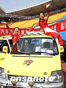 北京春季汽车大型展销会四月十四日在工人体育场拉开帷幕,十万元左右的新款国产经济型轿车引人瞩目。中新社记者:张勤
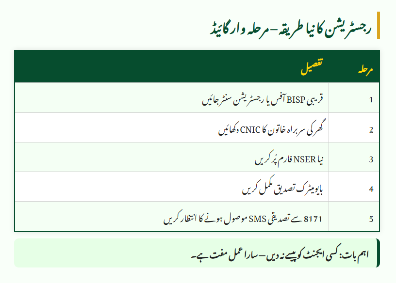| 1 | Visit the nearest BISP Tehsil Office or registration center |
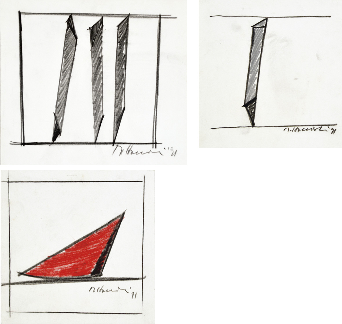 STACCIOLI MAURO Volterra 1937 senza titolo 1991 lotto di 3 tecniche miste su...
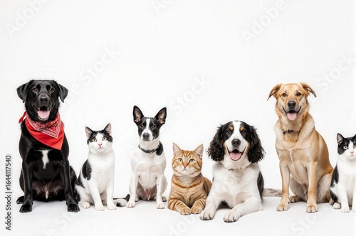 Fototapeta premium Group of dogs and cats sitting in a row against a white background
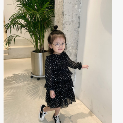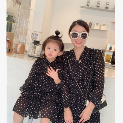 女童親子淑女星星雪紡裙2019春秋季新款母女裝連衣裙
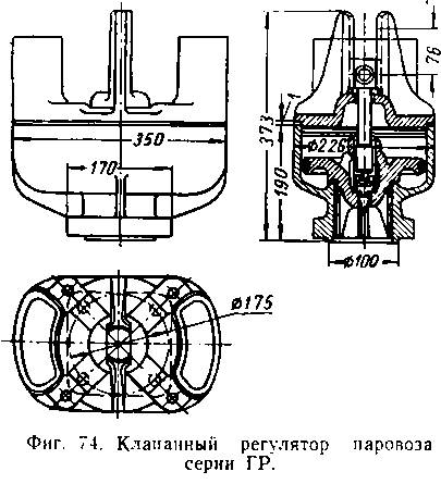 На узкоколейных паровозах типов 157 и 159, ПТ-4 и К4 -4 установлены клапанные регуляторы, аналогичные описанному (выше, только регуляторная головка у них отлита вместе с регуляторной трубой. На паровозах серий ГР и ОП-2 установлен клапанный регулятор, изображенный на фиг. 74.
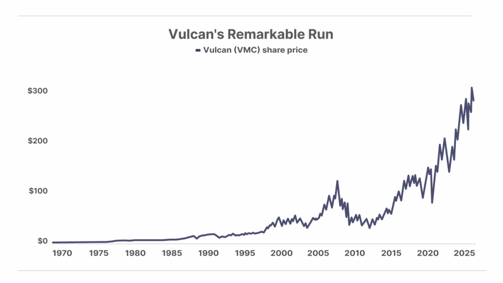 It’s called Vulcan Materials (VMC). It traces its roots to 1909, when Irish immigrant William F. Vulcan founded the Birmingham Slag Company in Alabama. Vulcan figured out how to turn an industrial waste product – steel mill waste – into road-building material. He took what no one wanted and made it useful, constructing roads across the South as the automotive boom transformed America.
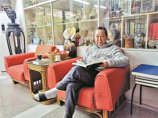 两盆枝丫上挂满红豆的树栽,一树硕果累累的“五福同堂”,及一盆盛放着“满天星”的盆植,是林墉先生家进门可见的几抹春色。隐于五羊新城中的这套房子,如果没有时不时地更换一些鲜花绿植带来些许变化,我觉得是走进了没有时间流转的静止空间,因为几十年来这里的一切似乎都没有变化,红木罗汉床、藤椅、书架,还有许多工艺美术品,一直都是那个老样子。
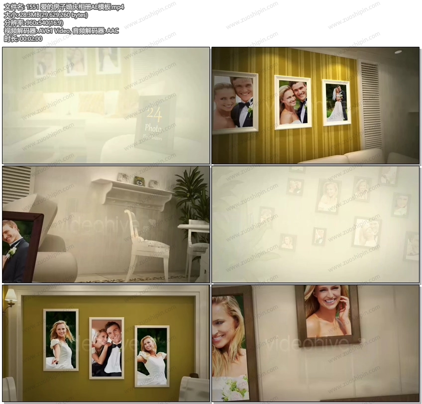 This Project file is CS5 compatible with HD resolution (1920×1080). All the photos are customizable. it can be used for wedding , valentine, romance and family photos. The project replaces the photos on the wall with your photos and it renders it very fast. it includes 13 scenes that you can modify them in the timeline.
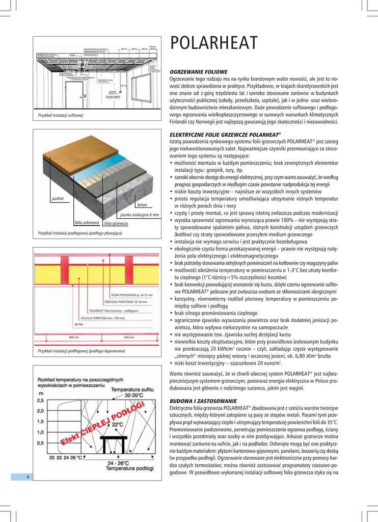 POLARHEAT OGRZEWANIE FOLIOWE Ogrzewanie tego rodzaju ma na rynku branżowym walor nowości, ale jest to nowość dobrze sprawdzona w praktyce. Przykładowo, w krajach skandynawskich jest ono znane od z górą trzydziestu lat i szeroko stosowane zarówno w budynkach użyteczności publicznej (szkoły, przedszkola, szpitale), jak i w jedno- oraz wielorodzinnym budownictwie mieszkaniowym. Duże powodzenie sufitowego i podłogowego ogrzewania wielkopłaszczyznowego w surowych warunkach klimatycznych Finlandii czy Norwegii jest najlepszą gwarancją jego skuteczności i niezawodności. Przykład instalacji sufitowej parkiet beton pianka izolacyjna 6 mm folia osłonowa folia grzewcza Przykład instalacji podłogowej (podłoga pływająca) DESKA PODŁOGOWA gr. do 35 mm PRZEDZIAŁ POWIETRZNY 20–50 mm POLARHEAT Folia Grzewcza – podłogowa IZOLACJA TERMICZNA (min. 100 mm) BETON 600 mm 600 mm Przykład instalacji podłogowej (podłoga legarowana) ELEKTRYCZNE FOLIE GRZEWCZE POLARHEAT® Istotą powodzenia rynkowego systemu folii grzewczych POLARHEAT® jest szereg jego niekwestionowanych zalet. Najważniejsze czynniki przemawiające za stosowaniem tego systemu są następujące: • możliwość montażu w każdym pomieszczeniu; brak zewnętrznych elementów instalacji typu: grzejnik, rury, itp. • szeroki obecnie dostęp do energii elektrycznej, przy czym warto zauważyć, że według prognoz gospodarczych w niedługim czasie powstanie nadprodukcja tej energii • niskie koszty inwestycyjne – najniższe ze wszystkich innych systemów • prosta regulacja temperatury umożliwiająca utrzymanie różnych temperatur w różnych porach dnia i nocy • czysty i prosty montaż, co jest sprawą istotną zwłaszcza podczas modernizacji • wysoka sprawność ogrzewania wynosząca prawie 100% – nie występują straty spowodowane spalaniem paliwa, różnych konstrukcji urządzeń grzewczych (kotłów) czy straty spowodowane przesyłem medium grzewczego • instalacja nie wymaga serwisu i jest praktycznie bezobsługowa • ekologicznie czysta forma przekazywanej energii – prawie nie występują natężenia pola elektrycznego i elektromagnetycznego • brak potrzeby stosowania odrębnych pomieszczeń na kotłownie czy magazyny paliw • możliwość obniżenia temperatury w pomieszczeniu o 1-3°C bez utraty komfortu cieplnego (1°C różnicy=5% oszczędności kosztów) • brak konwekcji powodującej unoszenie się kurzu, dzięki czemu ogrzewanie sufitowe POLARHEAT® polecane jest zwłaszcza osobom ze skłonnościami alergicznymi • korzystny, równomierny rozkład pionowy temperatury w pomieszczeniu pomiędzy sufitem i podłogą • brak silnego promieniowania cieplnego • ograniczone zjawisko wysuszania powietrza oraz brak dodatniej jonizacji powietrza, która wpływa niekorzystnie na samopoczucie • nie występowanie tzw. zjawiska suchej destylacji kurzu • niewielkie koszty eksploatacyjne, które przy prawidłowo izolowanym budynku nie przekraczają 20 kWh/m3 rocznie – czyli, zakładając częste występowanie „zimnych” miesięcy późnej wiosny i wczesnej jesieni, ok. 6,80 zł/m3 brutto • niski koszt inwestycyjny – szacunkowo 20 euro/m2. Warto również zauważyć, że w chwili obecnej system POLARHEAT® jest najbezpieczniejszym systemem grzewczym, ponieważ energia elektryczna w Polsce produkowana jest głównie z rodzimego surowca, jakim jest węgiel. 4 BUDOWA I ZASTOSOWANIE Elektryczna folia grzewcza POLARHEAT® zbudowana jest z sześciu warstw tworzyw sztucznych, między którymi zatopione są pasy ze stopów metali. Pasami tymi przepływa prąd wytwarzający ciepło i utrzymujący temperaturę powierzchni folii do 35°C. Promieniowanie podczerwone, penetrując pomieszczenie ogrzewa podłogę, ściany i wszystkie przedmioty oraz osoby w nim przebywające. Arkusze grzewcze można montować zarówno na suficie, jak i na podłodze. Osłonięte mogą być one praktycznie każdym materiałem: płytami kartonowo-gipsowymi, panelami, boazerią czy deską (w przypadku podłogi). Ogrzewanie sterowane jest elektronicznie przy pomocy bardzo czułych termostatów; można również zastosować programatory czasowo-pogodowe. W prawidłowo wykonanej instalacji sufitowej folia grzewcza styka się na całej powierzchni z elementami podtrzymującymi od dołu (np. płytą kartonowo-gipsową) i z izolacją termiczną od góry, dzięki czemu uzyskuje się optymalną efektywność grzewczą. Z kolei w przypadku ogrzewania podłogowego (podłoga legarowana) folia nie może się stykać bezpośrednio z podłogą – konieczne jest zastosowanie szczeliny powietrznej. Na bazie folii grzewczych do ogrzewania sufitowego i podłogowego produkowane są także sufitowe kasetony grzejno-oświetleniowe o mocy 200 W, służące do dogrzewania małych pomieszczeń, jak też kasety do ogrzewania ławkowego, szczególnie w kościołach i innych wielkokubaturowych obiektach użyteczności publicznej. NOWOŚCI • Szklany grzejnik dekoracyjny ViValdi® Grzejnik ten składa się z tafli hartowanego szkła o grubości do 1 cm. Jako element grzejny zastosowano w nim elektryczną folię grzewczą POLARHEAT®. Grzejnik ViValdi® składa się z trzech elementów – płyt o wymiarach 75 x 30 cm i mocy rzędu 125W każda. Dostępny w każdym kolorze. • Grzejniki marmurowe i parapety podgrzewane „Prestige” • Ścianka działowa „Parawan” • Lustra podgrzewane 24V, zapobiegające osiadaniu pary wodnej • Kabel grzewczy „E-Heat” – jest produkowany zgodnie z najnowszymi dyrektywami obowiązującymi w UE (73/23/EEC i 93/68/EEC). UWAGA! – Kabel grzewczy „E-Heat” nie zawiera dodatków ołowiu. DYSTRYBUTORZY – OLMAR: 91-218 Łódź, ul. Traktorowa 202; tel. 042/ 655-95-00, fax 042/ 650-54-04; www.olmar.pl – POLCONTACT Krzysztof Śniegula: 90-404 Łódź, ul. Próchnika 16; tel./fax 042/ 630-54-60 lub 601-354-407; www.polcontact.pl – ELKO: 75-411 Koszalin, ul. Partyzantów 14; tel./fax 094/ 347-43-00 
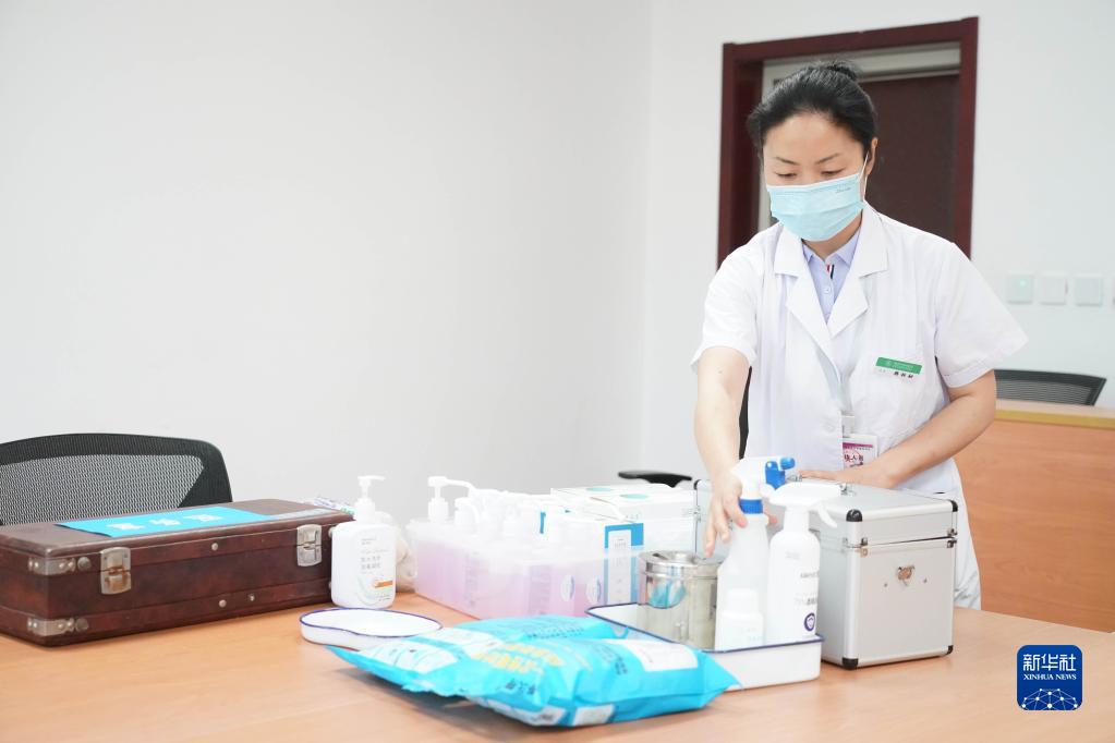6月6日,在中國農業(yè)大學(xué)附屬中學(xué)考點(diǎn),校醫在醫務(wù)室準備醫療用品。
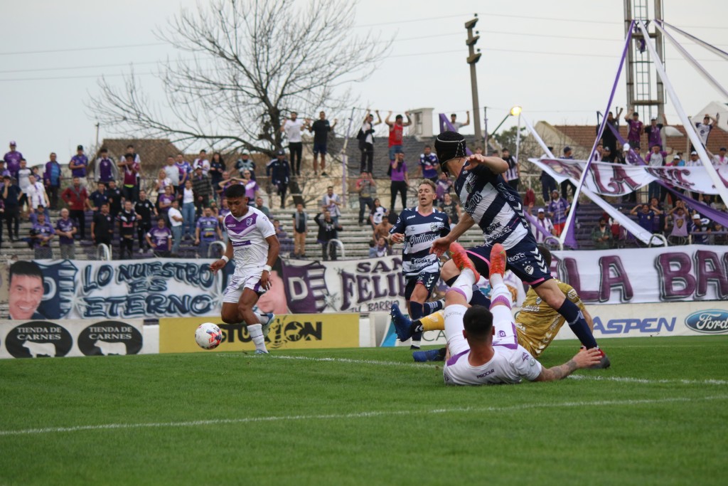 En el primer tiempo el "violeta" jugó mejor y salía con pelota dominada con Solís para que Prim intentará con pases filtrados para generar situaciones sobre el arco del "mate".Fue así como un desborde de Resquín le dió la posibilidad al capitán de marcar el gol sobre el cierre del primer tiempo.
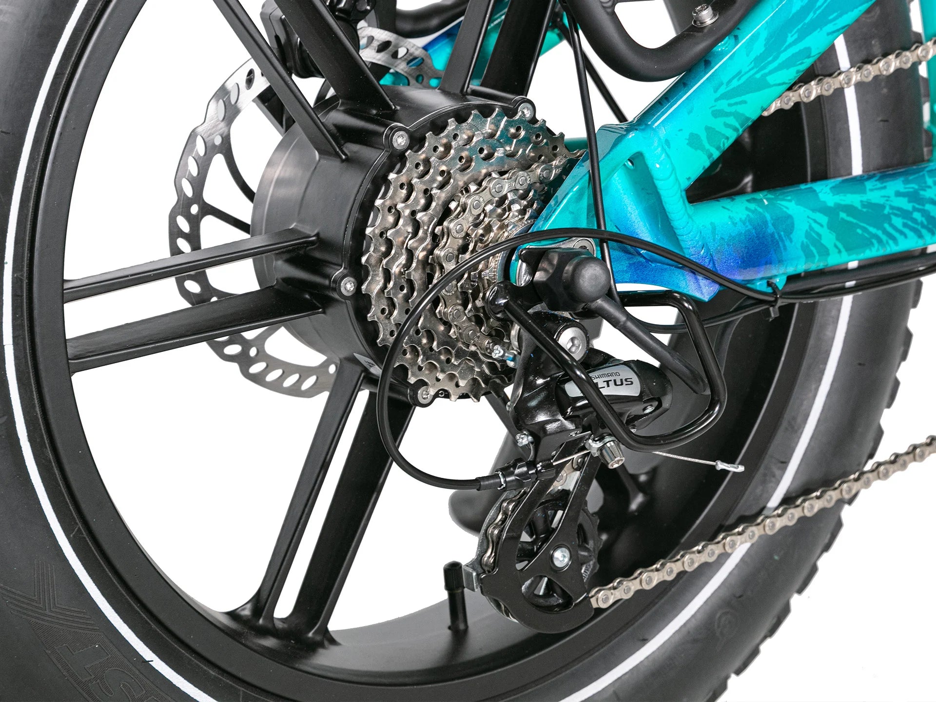 Les pneus fat renforcés 20”x4.0” offrent une adhérence maximale et une stabilité exceptionnelle, parfaitement adaptées aux terrains accidentés et aux sorties off-road.

Work task:
Using the material above, transcribe exactly the lines from the one holding "两盆枝丫上挂满红豆的树栽,一" to the one holding "This Project file", both ends kept. Do not carry over any pictures.

Response to the exercise:
 两盆枝丫上挂满红豆的树栽,一树硕果累累的“五福同堂”,及一盆盛放着“满天星”的盆植,是林墉先生家进门可见的几抹春色。隐于五羊新城中的这套房子,如果没有时不时地更换一些鲜花绿植带来些许变化,我觉得是走进了没有时间流转的静止空间,因为几十年来这里的一切似乎都没有变化,红木罗汉床、藤椅、书架,还有许多工艺美术品,一直都是那个老样子。
 This Project file is CS5 compatible with HD resolution (1920×1080). All the photos are customizable. it can be used for wedding , valentine, romance and family photos. The project replaces the photos on the wall with your photos and it renders it very fast. it includes 13 scenes that you can modify them in the timeline.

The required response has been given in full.